Top of SUPPLIED DATA

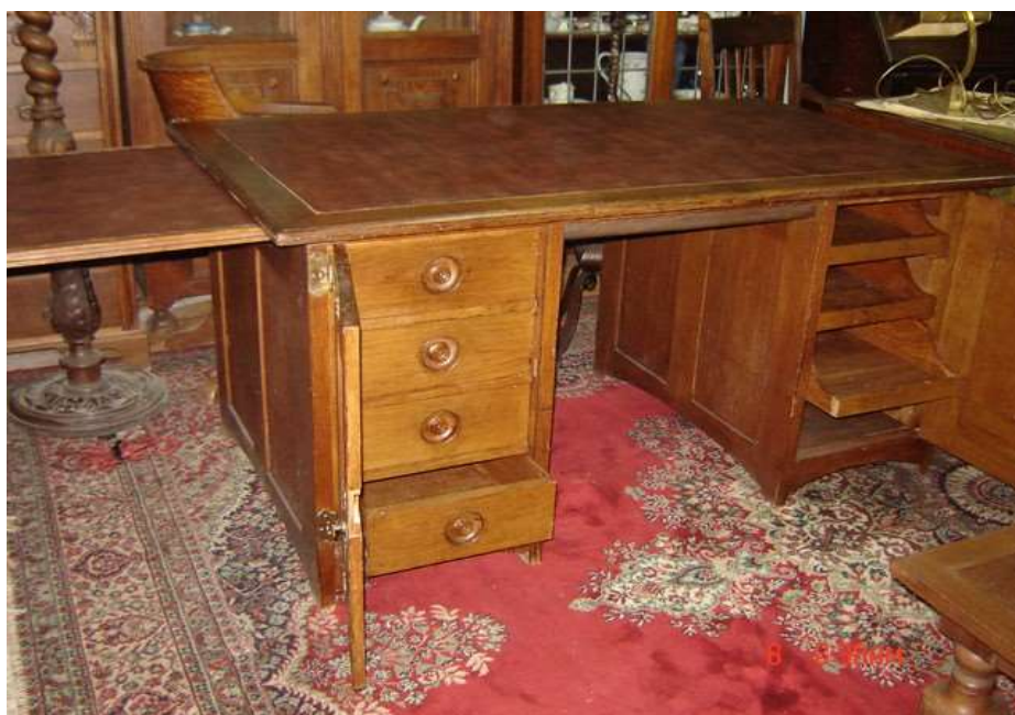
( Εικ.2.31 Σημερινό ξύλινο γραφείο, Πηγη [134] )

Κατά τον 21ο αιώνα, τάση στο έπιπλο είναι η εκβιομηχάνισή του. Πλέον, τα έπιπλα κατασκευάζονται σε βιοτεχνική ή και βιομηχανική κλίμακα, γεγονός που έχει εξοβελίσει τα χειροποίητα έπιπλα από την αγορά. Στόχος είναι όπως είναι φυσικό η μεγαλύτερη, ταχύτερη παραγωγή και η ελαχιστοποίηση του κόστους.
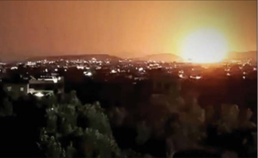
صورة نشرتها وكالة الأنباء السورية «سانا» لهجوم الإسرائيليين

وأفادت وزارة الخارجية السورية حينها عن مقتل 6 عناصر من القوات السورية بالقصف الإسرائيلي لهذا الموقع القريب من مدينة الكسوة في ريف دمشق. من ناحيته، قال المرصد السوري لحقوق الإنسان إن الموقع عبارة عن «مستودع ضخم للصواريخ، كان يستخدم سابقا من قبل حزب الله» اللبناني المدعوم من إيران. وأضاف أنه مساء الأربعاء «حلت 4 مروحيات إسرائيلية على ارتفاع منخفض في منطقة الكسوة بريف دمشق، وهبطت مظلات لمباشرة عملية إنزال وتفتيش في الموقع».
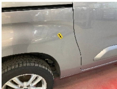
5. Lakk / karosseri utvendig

Bottom of SUPPLIED DATA
Top of SUPPLIED DATA

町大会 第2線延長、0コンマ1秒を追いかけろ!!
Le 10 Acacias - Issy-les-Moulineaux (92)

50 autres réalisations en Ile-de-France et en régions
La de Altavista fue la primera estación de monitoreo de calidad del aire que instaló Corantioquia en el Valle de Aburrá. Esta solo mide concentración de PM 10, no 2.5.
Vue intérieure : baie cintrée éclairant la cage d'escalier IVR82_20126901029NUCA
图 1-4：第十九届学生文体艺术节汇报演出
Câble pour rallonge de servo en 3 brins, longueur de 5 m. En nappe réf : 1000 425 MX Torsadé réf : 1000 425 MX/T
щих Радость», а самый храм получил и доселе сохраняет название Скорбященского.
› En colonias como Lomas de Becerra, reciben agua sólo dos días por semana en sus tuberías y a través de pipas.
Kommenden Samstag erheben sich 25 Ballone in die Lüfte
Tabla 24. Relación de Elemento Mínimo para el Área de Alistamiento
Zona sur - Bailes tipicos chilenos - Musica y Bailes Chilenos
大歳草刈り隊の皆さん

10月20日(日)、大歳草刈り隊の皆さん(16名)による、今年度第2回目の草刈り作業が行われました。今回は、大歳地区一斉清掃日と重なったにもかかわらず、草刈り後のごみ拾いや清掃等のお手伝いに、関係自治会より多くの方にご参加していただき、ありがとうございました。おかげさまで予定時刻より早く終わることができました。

Bottom of SUPPLIED DATA
Top of SUPPLIED DATA

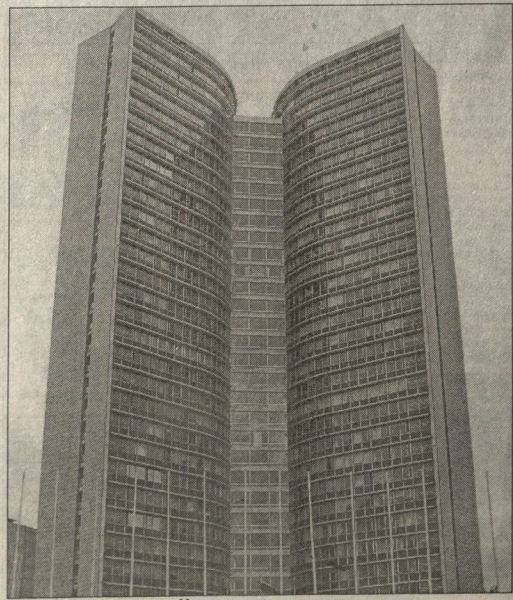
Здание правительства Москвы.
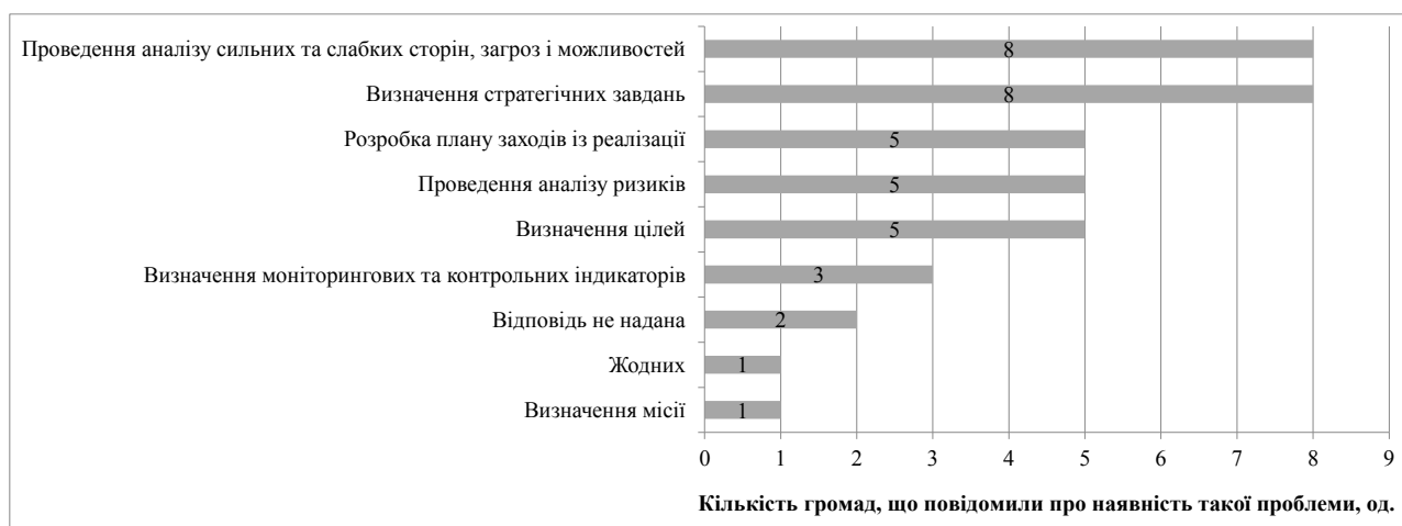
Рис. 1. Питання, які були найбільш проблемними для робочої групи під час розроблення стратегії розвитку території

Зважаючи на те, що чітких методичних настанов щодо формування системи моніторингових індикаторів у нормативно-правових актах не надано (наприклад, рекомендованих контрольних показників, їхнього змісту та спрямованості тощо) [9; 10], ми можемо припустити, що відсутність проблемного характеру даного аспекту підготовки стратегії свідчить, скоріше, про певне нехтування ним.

Bottom of SUPPLIED DATA

> [WHAT THIS TASK INVOLVES]:
The lines above from the one containing "50 autres réalisations" through the one containing "Kommenden Samstag erheben" are to be set down exactly, and no others.

> [RESPONSE TO THIS TASK]:
50 autres réalisations en Ile-de-France et en régions
La de Altavista fue la primera estación de monitoreo de calidad del aire que instaló Corantioquia en el Valle de Aburrá. Esta solo mide concentración de PM 10, no 2.5.
Vue intérieure : baie cintrée éclairant la cage d'escalier IVR82_20126901029NUCA
图 1-4：第十九届学生文体艺术节汇报演出
Câble pour rallonge de servo en 3 brins, longueur de 5 m. En nappe réf : 1000 425 MX Torsadé réf : 1000 425 MX/T
щих Радость», а самый храм получил и доселе сохраняет название Скорбященского.
› En colonias como Lomas de Becerra, reciben agua sólo dos días por semana en sus tuberías y a través de pipas.
Kommenden Samstag erheben sich 25 Ballone in die Lüfte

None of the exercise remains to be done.